Der Nachhaltigkeitsforscher Professor Jem Bendell aus Großbritannien hat das Konzept der „Tiefenanpassung“ (deep adaptation) entwickelt, um sich auf einen Kollaps der Zivilisation einzustellen. Er verabschiedet sich damit von der Hoffnung, das System zu reformieren und Dinge ändern zu können, bevor sich zerstörerische Konsequenzen des Klimawandels einstellen. Er stellt drei Komponenten heraus:

  1. Resilienz (resilience): Die Fähigkeit, sich auf Veränderungen einzustellen, sowohl biologisch als auch psychologisch. Ein halbierter Regenwurm lebt weiter.

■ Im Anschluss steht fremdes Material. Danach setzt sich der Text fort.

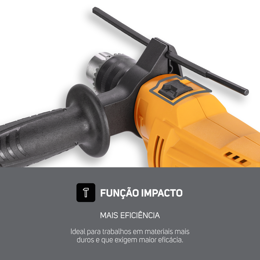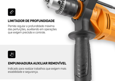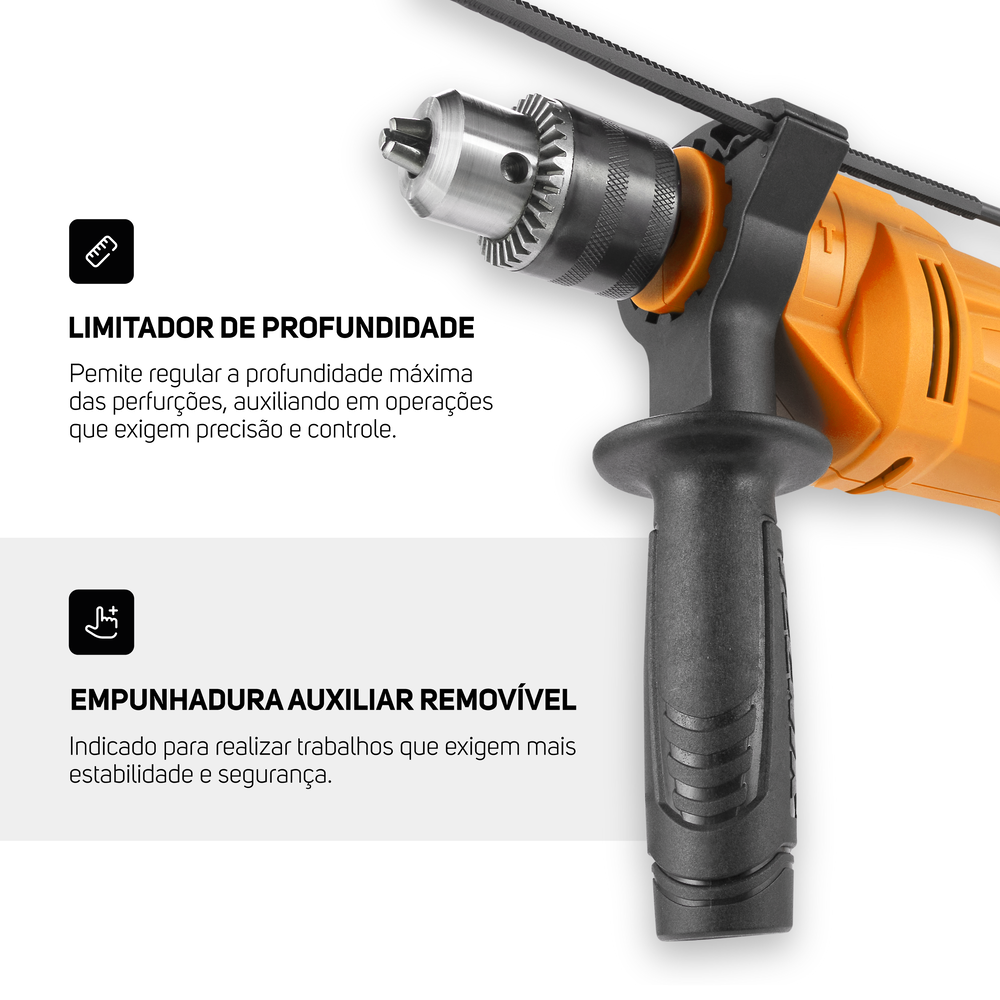 Escolha entre perfurar com ou sem impacto com o botão comutador, adicionando impactos simultâneos a rotação, para realizar trabalhos em materiais mais duros e que exigem maior eficácia. Mantenha-se no controle, sem perfurar além do necessário, com o limitador de profundidade que acompanha a ferramenta. Ele evita acidentes ao marcar exatamente a medida necessária para o furo.
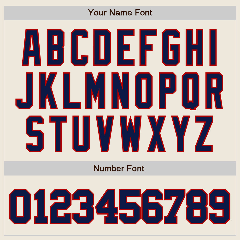 Personalized Cream Navy Pinstripe Red Baseball Jersey 3
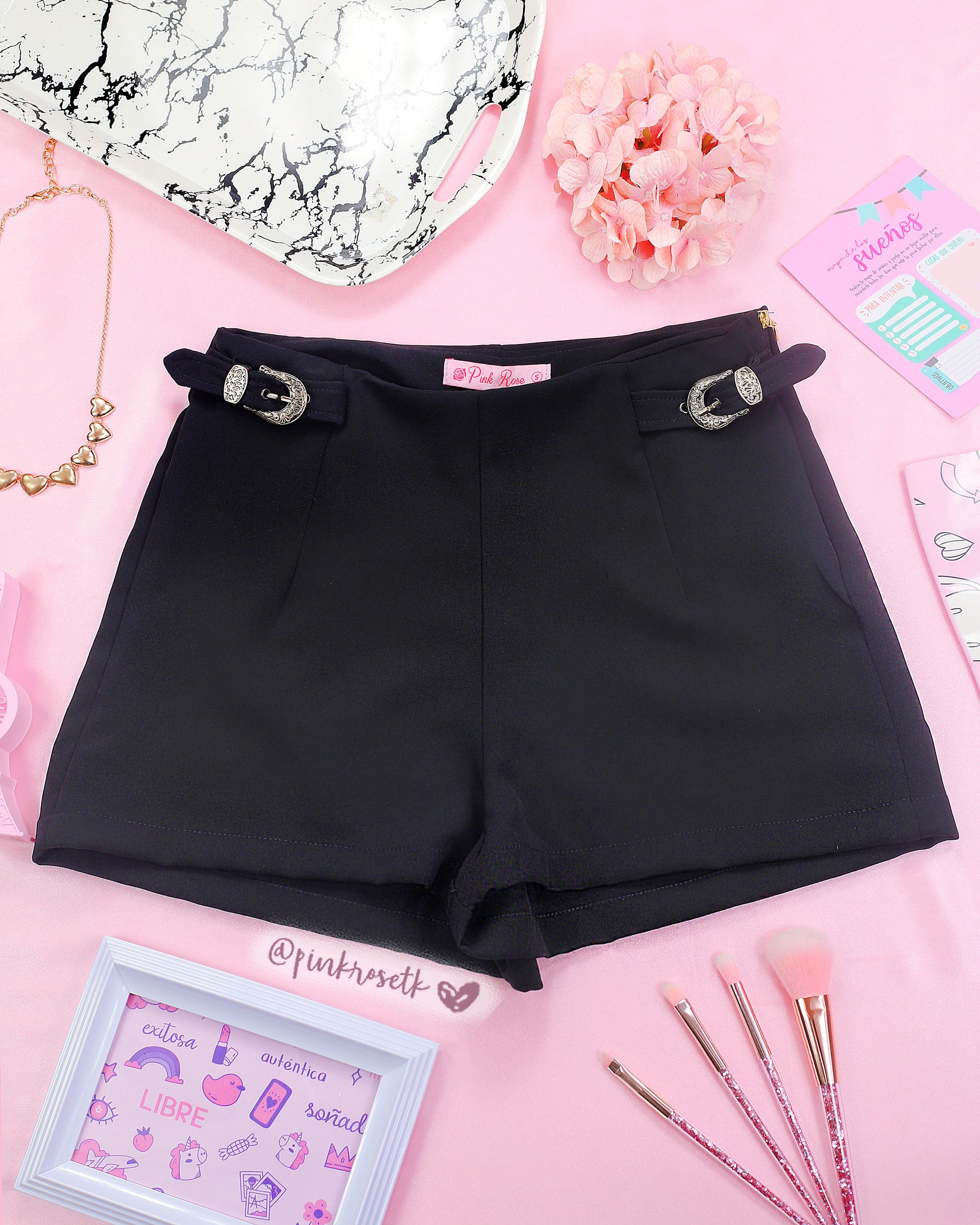 Descubre esta versión moderna del clásico short tiro alto negro para ocasiones especiales. Diseñado con hebillas en la cintura, combina comodidad con estilo, creando un look fresco y elegante. Perfecto para cualquier mujer con estilo.
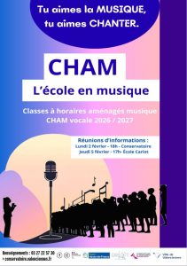 Classes à horaires aménagées Classe à Horaires Aménagés Musique – Ecole Cariot et Collège Carpeaux Les classes à horaires aménagés offrent aux jeunes élèves une formation personnalisée et équilibrée en vue de concilier les études générales et la pratique artistique. Ecole Primaire du Cariot – CE1, CE2, CM1, CM2 Collège Carpeaux – 6ème , 5ème , 4ème 3ème Ouverture CHAM vocale en 2026 Inscriptions Retrait des dossiers à partir du 15 janvier 2026 et dépôt jusqu’au 19 mars 2026.Tests d’entrée : vendredi 3 avril 2026 Réunions d’informations : CHAM école du Cariot Lundi 2 février 2026 – 18h – Conservatoire de Valenciennes Jeudi 5 février 2026 – 17h – Ecole du Cariot de Valenciennes Test d’entrée : vendredi 3 avril 2026 – Ecole du Cariot CHAM Collège Carpeaux Lundi 2 février 2026 – 18h – Conservatoire de Valenciennes – salle Debussy Vendredi 6 mars 2026 – 18h – Collège Carpeaux – salle 305 Tests d’entrée : mardi 31 mars et mercredi 1er avril 2026 – Conservatoire de Valenciennes Pour tous renseignements concernant les inscriptions, vous pouvez nous contacter par mail à conservatoire@ville-valenciennes.fr ou par téléphone au 03 27 22 57 30 N’hésitez pas à consulter notre Foire aux questions et les tarifs Dossier d’inscription CHAM VOCALE (A remplir en 3 exemplaires) Télécharger Dossier d’inscription CHAM INSTRUMENTALE (A remplir en 3 exemplaires) Télécharger Dossier d’inscription Cariot 2026-2027 Télécharger CHAM cariot l’ecole en musique Télécharger FLyer CHAM 2026 Télécharger
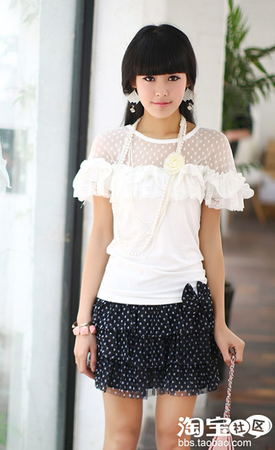 搭配解析:美丽出水芙蓉棉T ,拼合弹力花边,让你的香肩完美展现,
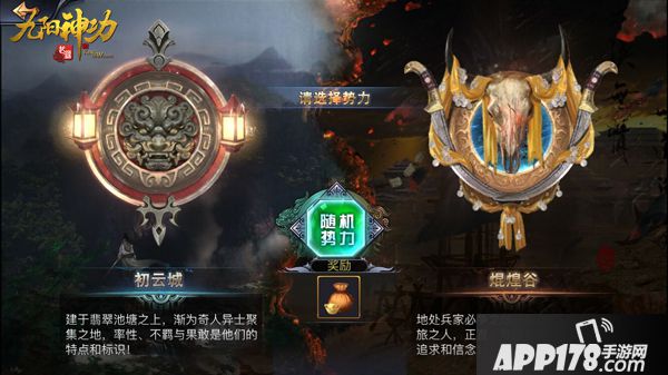 如果玩家随机选择势力,则可以获得100碎金奖励!当你确定自己的势力后,也就意味着你将加入到两方无休止的斗争当中,每一个侠客都要尽力为本方实力争取利益!
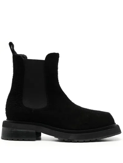 这支由设计组合Mike Eckhaus和Zoe Latta创立的时装品牌却是眼下纽约最受瞩目的“跨性别”时装品牌之一。若是单纯地用“跨性别”来形容Eckhaus Latta的设计,也许太过狭隘。但从那些裸露出男模腹部的紧身针织衫和廓形宽松的长裙中,却还是可以看出“去性别化”的虚无理念。在对面料和材质的感知中,Eckhaus和Latta将一切可以用于制作服装的材料随机拼凑成样式粗糙的服装。从廓形肥大的单宁布长裤、如同窗帘布的天鹅绒上衣到用双层胶底的白色篮球鞋,在颓废消极的设计语言中,Eckhaus Latta表现的是一种摒弃任何意义的嘲讽。
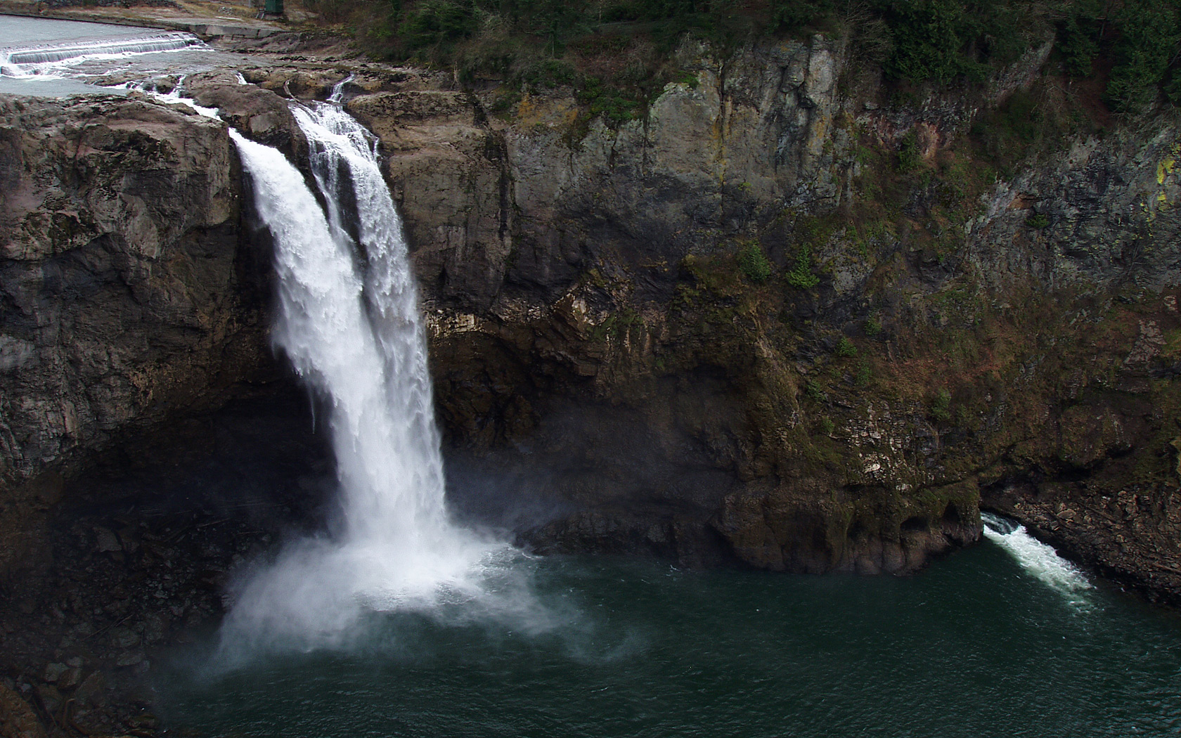 Description: A waterfall with a waterfall coming out of it's side into a body of water with a boat in the water.

Wie kommen wir ohne Internet, Banken und Tankstellen aus? Wie behalten wir, was wir wirklich behalten wollen?
  2. Verzicht (relinquishment): Abschied von Werten, Verhaltensweisen und Überzeugungen, die die Situation verschlimmern. Zum Beispiel das Verlassen bedrohter Küstengebiete oder die Vorsorge für das sichere Abschalten der Kernkraftwerke weltweit. Was müssen wir loslassen, um die Situation nicht zu verschlimmern?
  3. Wiederherstellung (restoration): Einstellungen und Ansätze wiederentdecken, die nützlich und in Vergessenheit geraten sind. Zum Beispiel die Renaturierung von Landschaften. Was für Fähigkeiten müssen wir haben, um in einer Welt ohne Strom und Benzin zu überleben? Was können wir wieder zurückbringen, um mit kommenden Schwierigkeiten und Tragödien fertig zu werden?
Die Hoffnung bleibt

Bendell engagiert sich im gewaltfreien Widerstand der „Extinction Rebellion“ und doziert über lokale Währungen. Er plädiert für eine Stärkung und Rückbesinnung auf die wirklich tragenden Werte unserer Gesellschaft. Zum Thema Hoffnung führt Bendell aus: „Dass es zu spät ist, um eine Zerstörung unseres Lebens durch ein Klimachaos zu verhindern, heißt nicht, die Hoffnung aufzugeben. Vielmehr eröffnet dies eine tiefere Agenda: Wie können wir Schmerzen lindern, Wissen bewahren und Bedeutung und Freude an diesem Prozess haben?“ Jeder Einzelne und auch die Gesellschaft insgesamt kann und muss aktiv CO2-Emissionen vermindern. Darüber hinaus müssen wir uns mit den bevorstehenden unausweichlichen Folgen des Klimawandels auseinandersetzen und Strategien dazu entwickeln.